So We've Got a Web Site, Now What?

Edward Rodley , Museum of Science, USA

http://www.mos.org

Session: Time for Renovations

The Museum of Science, like many other institutions, jumped into the web business several years ago and launched a web site without a long-range plan or a dedicated web staff. Indeed, the institution's site was created as an afterthought to a grant-funded project. Part of the Museum's mission was to showcase new technologies, so in 1995 building a web site seemed a logical move that wouldn't require much time or effort. Now after four years of slow, unmanaged growth we have a new issue facing us - an identity crisis. Just what is the purpose of the site? The cross-divisional steering committee, charged with overseeing the site, spent the better part of a year trying to answer that question. Our examination of the site's mission, both real and perceived, its audiences, and its potential to further the institution's goals was an often-painful, but rewarding, experience that has had tremendous positive influence on our web efforts. The paper explores and explains some of the results of long months of discussion, brainstorming, and argument. The title for the paper is 'So we've got a web site, now what?' and chronicles our efforts to bring the web into the institution's day-to-day operations as well as distribute the process of web content generation.

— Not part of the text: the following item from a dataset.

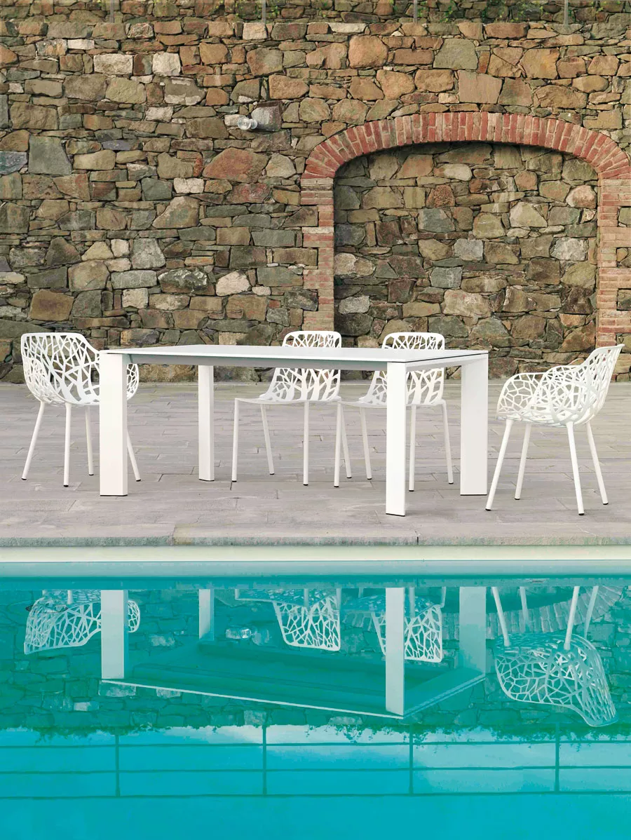 Fast Grande Arche ist eine auffallend elegante Gartenmöbel Kollektion mit einem unverwechselbaren Design, eine Auswahl von Gartentischen, die für Innen- und Außeneinsatz perfekt geeignet sind. Der Werkstoff Aluminium ist für Outdoor Möbel eines der geeignetsten Materialien überhaupt. Sein geringes Gewicht, die Haltbarkeit, hervorragende statische Eigenschaften und nahezu unbegrenzte Möglichkeiten in der Be- und Verarbeitung ermöglichen eine Vielfalt gestalterischer Optionen. Dank sehr gutem Design genügten Grande Arche Gartentische den höchsten Ansprüchen in Ästhetik und Verarbeitung und gleichzeitig entsprechen dem Zeitgeist in all seinen Facetten.

A constant tension in our web efforts has been the perception that the web is somebody else's concern. Our small web staff is busy just trying to keep the current site running, let alone generate new content, so we have tried to minimize the burden of getting information onto the site by building processes to manage information inside the Museum and placing some of the burden on the content creators themselves. This paper is aimed at museums which have already launched their first-generation web sites and are grappling with the unglamorous but vital issues of maintenance, life-span of digital content (when is a web resource old?), ever-increasing demand for web content, and penetration of web technologies into other aspects of the institution (in intranets, on the exhibit halls, etc...)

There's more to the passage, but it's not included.